Careful perusal of the record discloses that there is some evidence tending to show that plaintiff was entitled to an agister's lien and some evidence tending to show he was not entitled to such a lien. Plaintiff's testimony tended to prove facts that would entitle him to the lien asserted. The testimony of Defendant Davey tended to prove facts that would show him not to be entitled thereto. Plaintiff testified he fed and pastured her cattle at her instance and request. She testified he offered, of his own volition, to care for her cattle and agreed to do so without charge. There is some evidence to corroborate each.

It was for the trial court to consider all the evidence on that point; the testimony of the two principal witnesses, Mr. and Mrs. Davey; the testimony of witnesses corroborative of one or the other, witnesses who saw the couple and observed their relations and knew their manner of caring for livestock possessed by either or both; evidence of Mrs. Davey's participation in ranch work, looking after livestock, doing her share and the like; evidence of conversations and admissions of the litigants; letters admitted in evidence; the antenuptial agreement admitted in evidence.

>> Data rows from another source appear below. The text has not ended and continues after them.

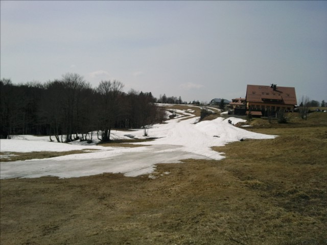 L’attaque après Saint Amarin est radicale : debout sur mon 34*27 à 300 w, je dépasse pas 9 km/h et 60 tr/min dans une pente de folie. Pas pire quand les jambes ne répondent plus et la Fc ne décolle vraiment plus. Cette fois ça y est je sais que je vais passer un mauvais moment. Je repense à ma prépa alimentaire des jours précédents et me dis que j’ai vu un peu juste avec surtout beaucoup de travaux dans la maison réalisés la veille et le matin même. J’aurai du faire des stocks de glycogène plus important et j’étais en train de payer la tondeuse, le ponçage du mobilier de jardin, la mise en peinture avant de partir bref le cumul !! comment ça je suis pas SUPERMAN ??!!. Je m’avale alors un gel Guarana me redonnant un coup de boost et permettant de franchir le premier palier @270w pendant 17 min. Par contre pas de miracle l’effort est tout de même pénible et après une courte descente, la route s’élève de plus belle tout en se dégradant. 10 % à gérer avec des trous de partout quand on n’a plus rien dans les chaussettes c’est dur. Plusieurs fois je trouve un prétexte photo pour m’arrêter et reprendre un peu de souffle. Mais rien à faire plus moyen de dépasser 250 w. C’est la misère, la déception, je suis à peine à 3 h d’effort et je n’avance plus. Heureusement le paysage encore enneigé et le dôme magistral du Grand Ballon compense un peu.
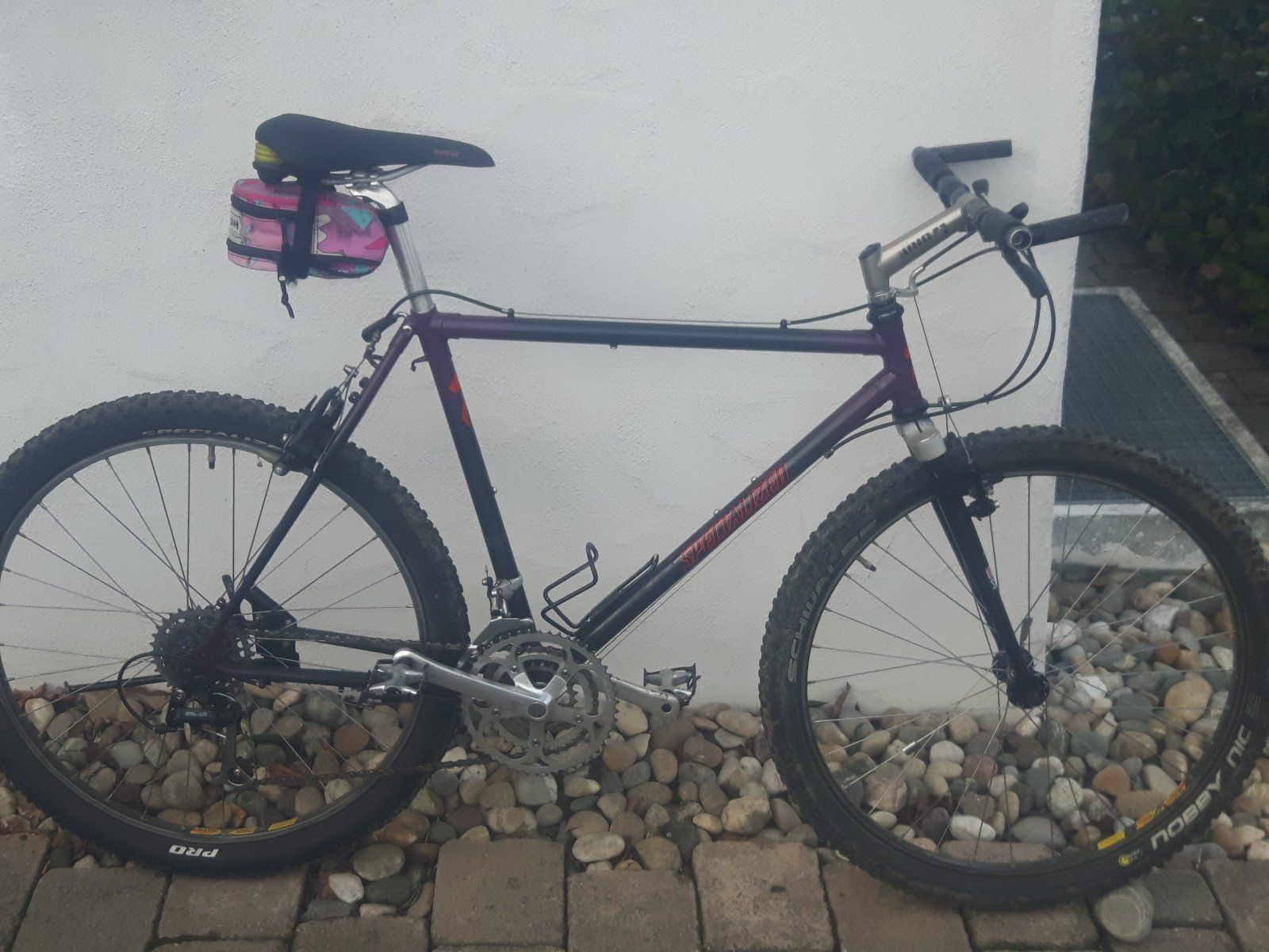 Mittlerweile kommen mir starke Zweifel dass es ein überhaupt ein Specialized-Rahmen ist. Aber auch wenn man sich die Decals wegdenkt ist die zweifarbige Lackierung lila-schwarz mir nicht geläufig zwischen 1990 und 1994 (wegen schwarzen LX-Teilen). Die hintere U-Brake wäre eher ein Hinweis auf ca. 1989
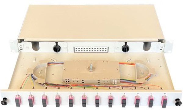 Vorderansicht - geöffnet 19" 1 HE Spleissbox für 12x SCd, 50/125µm OM4 Multimode, stufenlos ausziehbar (Prinzip Schubladentechnik), Stahlblech RAL7035 (lichtgrau), lackiert, komplett spleissfertig, tiefenverstellbar, ausklappbar, untere Ebene entnehmbar, Arretierung mittels Kunststoff-Schnellverschluss. Die Spleissbox ist ab Werk bestückt mit 12x SCd Kunststoffkupplungen, 24x SC/PC Faserpigtails 2.0m (semilos), 02x Standard-Spleisskassetten, 02x Spleisskämmen (Crimp), 02x M20-Kunststoff-Kabelverschraubungen, 02x Kabelspulen zur geordneten Faserführung, Kabelbinder und einem M6x18mm-Käfigmuttern-Set. Alle Faserpigtails sind standardmäßig spleissfertig eingelegt, abgesetzt, in der Spleisskassette beschriftet und geordnet auf den beiden Kabelspulen montiert. Die Kupplungen sind fest & sicher mit Schrauben fixiert. Zur Kabeleinführung befinden sich an der Rückseite 04x M20-Kabeleinführungen, davon 02x mit U-Ausbruch.
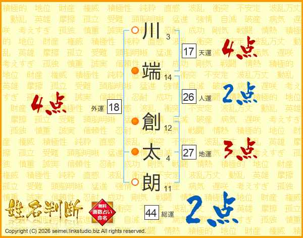 川(3画)端(14画) 創(12画)太(4画)朗(11画)
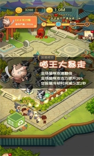 2、简简单单就能放置升级,点击拖动,就能将低阶的猫咪合成升级成为高阶的猫咪。
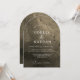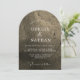 Laden Sie Ihre Gäste mit dieser atemberaubenden bogenförmigen Hochzeitseinladung ein, die eine reiche, dunkle Holzkornstruktur aufweist, die rustikale Eleganz ausstrahlt. Dieses moderne und dennoch organische Design erfasst perfekt die romantische Essenz einer Wald- oder Landhochzeit.
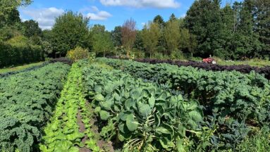 Als ik eind van de middag arriveer bij De Coöperij vult een groep vrijwilligers kratten met felgekleurde pompoenen, paarse groenten en felgroene bladgewassen. De lege mokken en theekannen op de picknicktafel zijn sporen van een dag hard werken. Marieke vertelt: “Het uitgangspunt van De Coöperij is gezonde voeding te verbouwen. Dat is gezonder voor mensen, de algehele omgeving en de bodem. En daarmee willen we bijdragen aan een betere wereld. Het levert een prachtige leefomgeving op voor mensen, dieren, eigenlijk alle organismen. Verder gebruiken we geen bestrijdingsmiddelen en is alles echt handwerk, we gebruiken zo min mogelijk machines – daarmee hebben we ook weer minder uitstoot.”
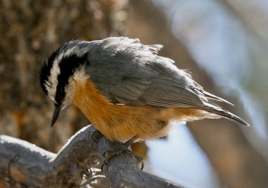 The first sign that you have red-breasted nuthatches in your neighborhood is hearing their distinctive call — a repetitive nasal note that sounds a bit like the tooting of a child’s tin horn. Like all nuthatches, the red-breasted forages mostly on trunks and the larger limbs of trees. Nuthatches are one of the few birds that are as comfortable traveling headfirst down a trunk as much as they are climbing upward. They are a bird of coniferous forests, but in irruption years, they will utilize just about any kind of tree. Last week on Santa Cruz Island, a number of birds were in a eucalyptus grove, searching for bugs under the papery bark.
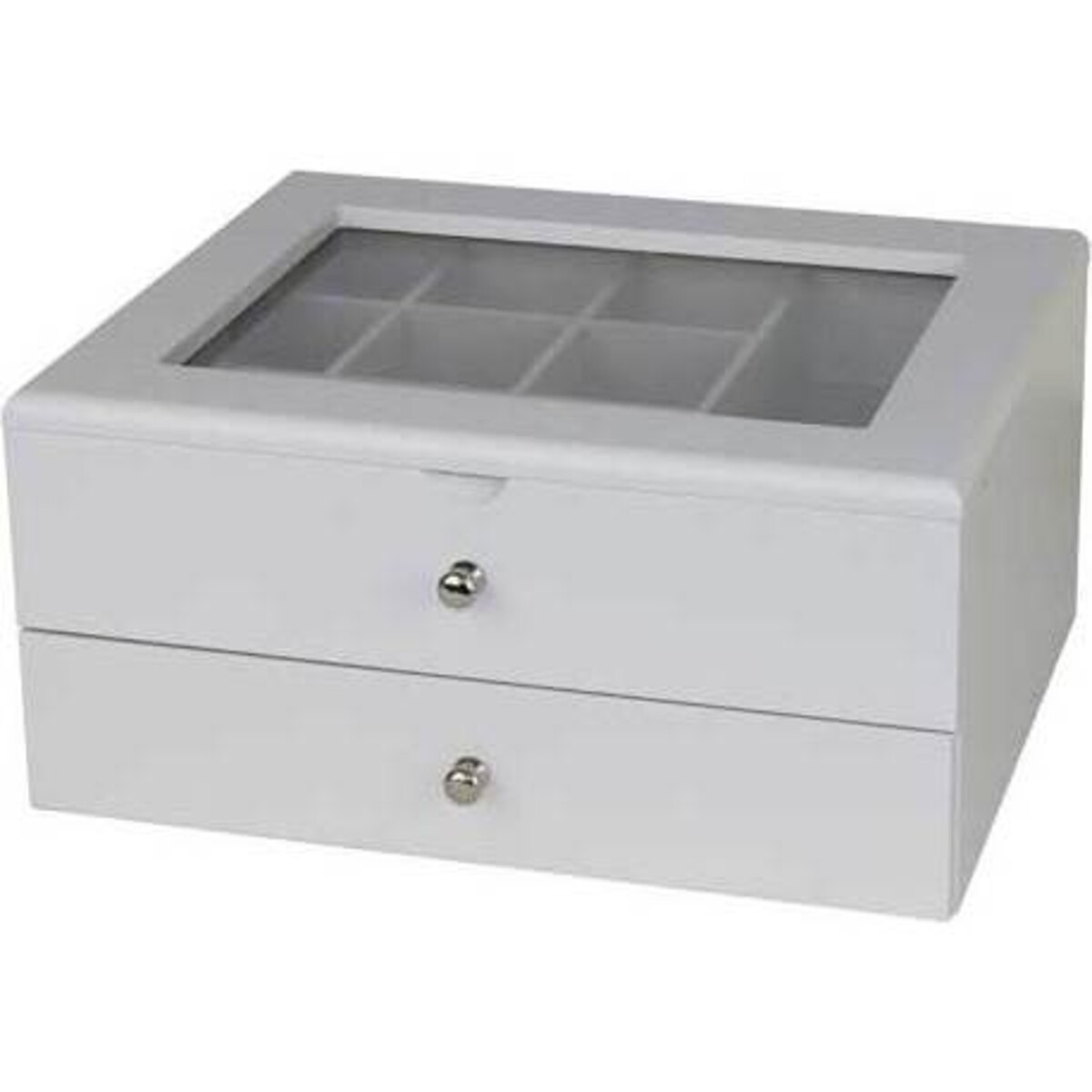 It has always been rather distressing knowing how badly you want to wear that antique ring and not quite knowing where you had carefully kept it. There being such a rush in everyday life that the job of getting ready for a special occasion allows one very little time to go hunting for what we have to wear. The effect usually is felt not so much on clothes as on trinkets. Here's simple enough solution - a box designed to ease all those upsetting moments - created with are to give each of your tiny treasures a specific place to be. The two tiered box has many tiny compartments in its 12 cm height, 25 cm length and 20 cm width body. The lid has a see through glass design so as to allow one to peep and check on the contents. The easy to pull out drawer feature too makes searching so much easier. The strongly structured body comes with a hinged lid, and smooth sea grey exterior that will make t look an accessory for your dresser or your table top.
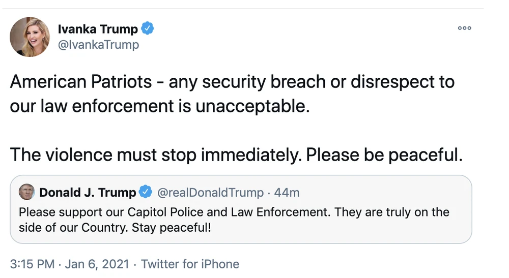 "Người Mỹ yêu nước - bất kỳ sự xâm phạm an ninh hay không tôn trọng lực lượng hành pháp đều không thể chấp nhận. Bạo lực phải chấm dứt ngay lập tức. Xin hay giữ ôn hòa" - cô Ivanka viết trên Twitter.
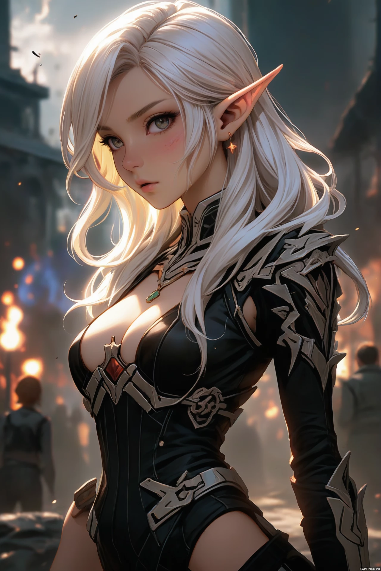 an urban street with archways and lamps, which contrasts with the magical nature of the elf. There are also other characters in the image, but they are not as prominently featured as the central
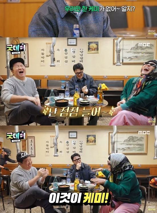 군대에 있을 당시 전화를 했던 일화까지 언급하면서 두 사람의 티키타카 케미가 발동됐는데, 데프콘이 등장하면서 정형돈의 위상에 변화가 있음이 드러났다. '굿데이' 섭외 시점에 엄청난 차이가 있던 것. 데프콘이 이를 해명하면서 "그래도 우리만한 케미가 없어"라고 하며 민망해했는데, 지드래곤은 "이런 게 그리웠던 것 같다"고 언급했다.
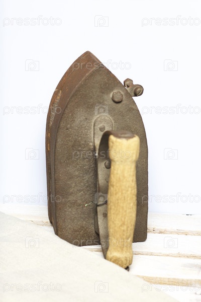 Старый утюг, нагретый горячими углями. Расположен на деревянном ящике
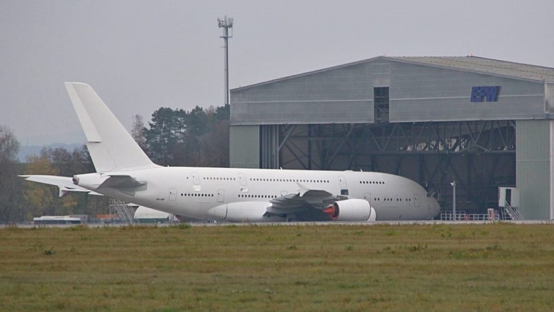 Einen kompletten weißen A380 in Dresden kannte man so noch nicht. Doch das Flugzeug ist ein alter Bekannter! Er landete bereits am 17. September 2025 in Dresden. Am Samstag wurde er in die Halle gezogen.
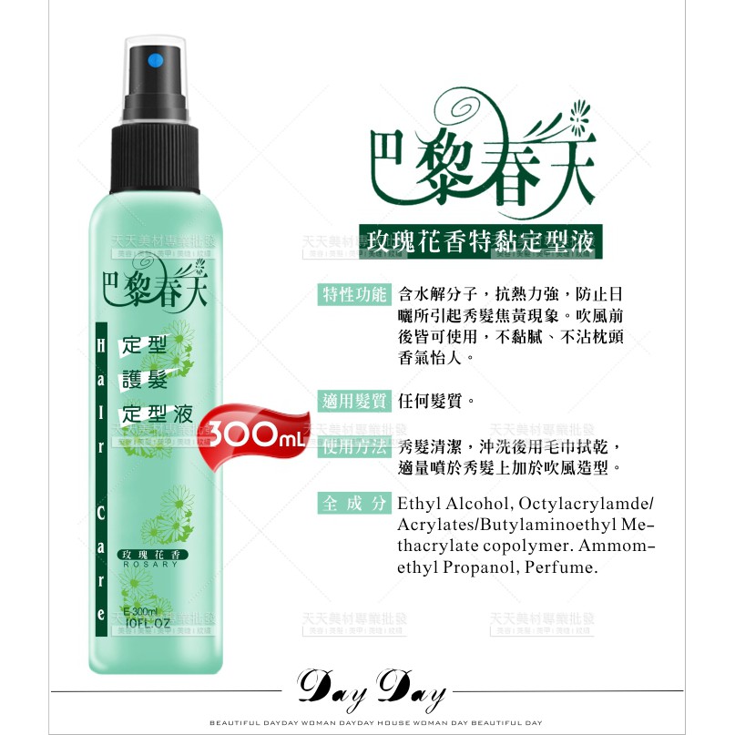 [61329]【美髮沙龍老字號】台灣製造 巴黎春天 玫瑰花香特黏定型液-300ml
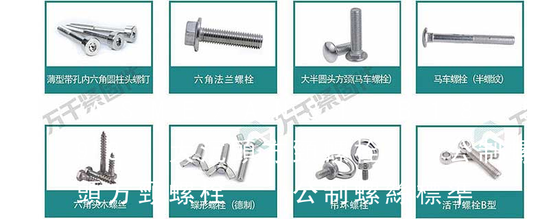 公制螺絲于螺絲型號后方,有時會注明螺絲牙距,但因為標準規(guī)范, 通常不提.公制螺絲, 直接標示螺絲長度, 單位為mm. 螺絲之總長度標示, 只計算頭部以下之長度, 不含頭部高度. 但平頭螺絲例外, 其螺絲之總長度標示含頭部高度 方頭螺栓c級gb8-88沉頭方頸螺栓gb10-88沉頭帶榫螺拴gb11-88半圓頭方頸螺栓gb12-88半圓頭帶榫螺栓gb13-88大半圓頭方頸螺栓c級gb14-1998大半圓頭帶榫螺栓gb15-88六角頭鉸制孔用螺栓gb27-88六角頭螺桿帶孔鉸制孔
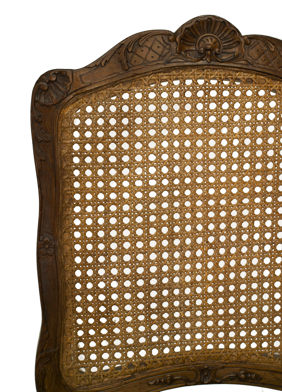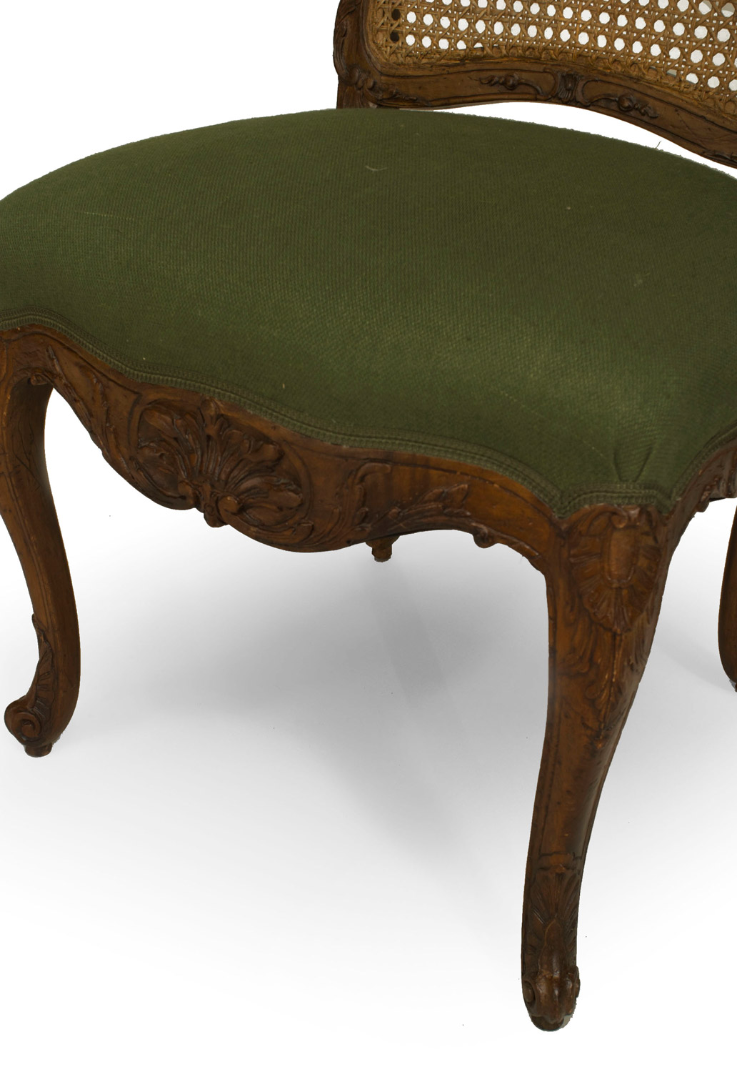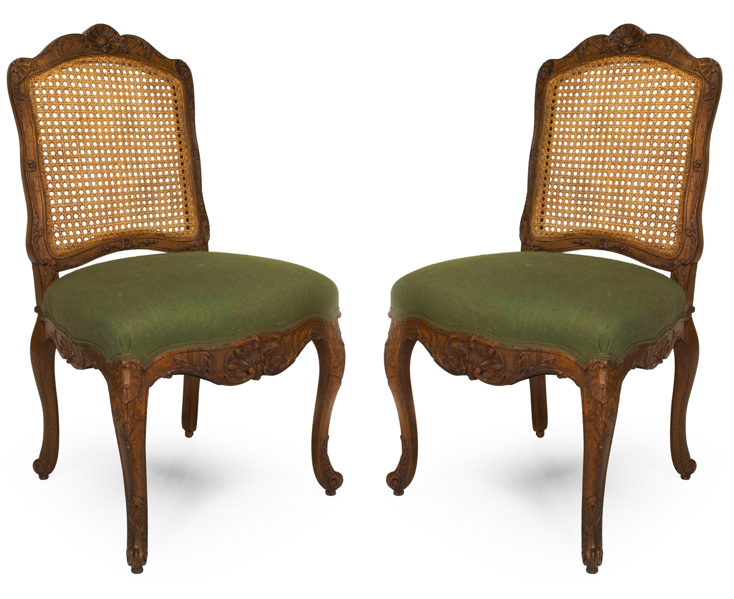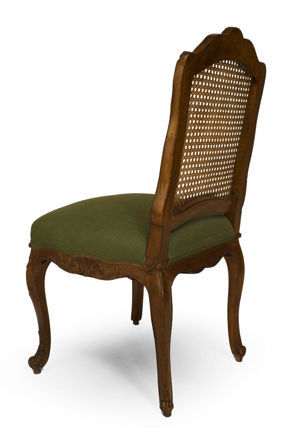 SET of 8 French Provincial Louis XV style (20th Cent) walnut carved side chairs with a shaped cane back and green upholstered seat.

Inevitably, by its decision the trial court impliedly found that plaintiff was not entitled to an agister's lien. His claim of lien far antedates the execution of the first of the chattel mortgages. According to the evidence, it is clear that, if the facts entitle him to a lien at all, the right to a lien accrued *381 long before execution of the first mortgage. Had he been found entitled to a lien at all, it would have been superior to both mortgages. Had the court found plaintiff entitled to a lien, inevitably it would have given him judgment. Not having given him judgment, the court must have found he was not entitled to a lien.

As illuminative of the issue of lien or no lien, it was permissible to consider if plaintiff had any intent to claim or claimed a lien before being dispossessed of the cattle. Intent may be considered. (37 C.J. 313.) It may be there is evidence that plaintiff did intend to and did claim a lien before the taking of the cattle; it is certain there is evidence to the contrary. The court found against him.

On the issue of lien or no lien, there is a sharp conflict of evidence. It was for the trial court to decide. In a law action, tried to the court, upon appeal from the judgment, for alleged insufficiency of the evidence, a judgment based on conflicting evidence will not be disturbed if the evidence of the prevailing party be substantial and sufficient to justify the judgment. (Penn v. Oldhauber, 24 Mont. 287, 61 P. 649; Way v.Sherman, 30 Mont. 410, 76 P. 942; Goldsmith v. Murray,48 Mont. 337, 138 P. 187; Bank of Commerce v. United StatesFidelity Guaranty Co., 58 Mont. 236, 194 P. 158.) In this case, there is sufficient substantial evidence, as to lien or no lien, to sustain the judgment. Therefore, we may not disturb it.

It being established that plaintiff had no lien, it is unnecessary for us to go further or consider any of the other specifications of error. As plaintiff had no lien, he had no right of possession and it was of no concern to him who was in possession of the cattle nor whether rightfully or wrongfully nor by what authority or if by any authority at all. As he had no lien, it is immaterial whether or not proof of the chattel mortgages was properly made or any testimony in regard thereto was properly admitted; immaterial whether Defendant Thelen took the property, in person or by the sheriff, under the chattel *382 mortgages or whether Mrs. Davey voluntarily turned over the property to him. Not only is there sufficient substantial evidence to support the judgment but we hold the pleadings justify the evidence and support the judgment.

There is ample showing, under the pleadings and in the evidence, that Defendant Thelen obtained the cattle, as against Mrs. Davey (of which she does not complain), under and by virtue of the mortgages held by him, and to support the action of the court in rendering its judgment in favor of Thelen alone.

Finding no error in the record, the judgment is affirmed.

Affirmed.

MR. CHIEF JUSTICE CALLAWAY and ASSOCIATE JUSTICES STARK, MATTHEWS and GALEN concur.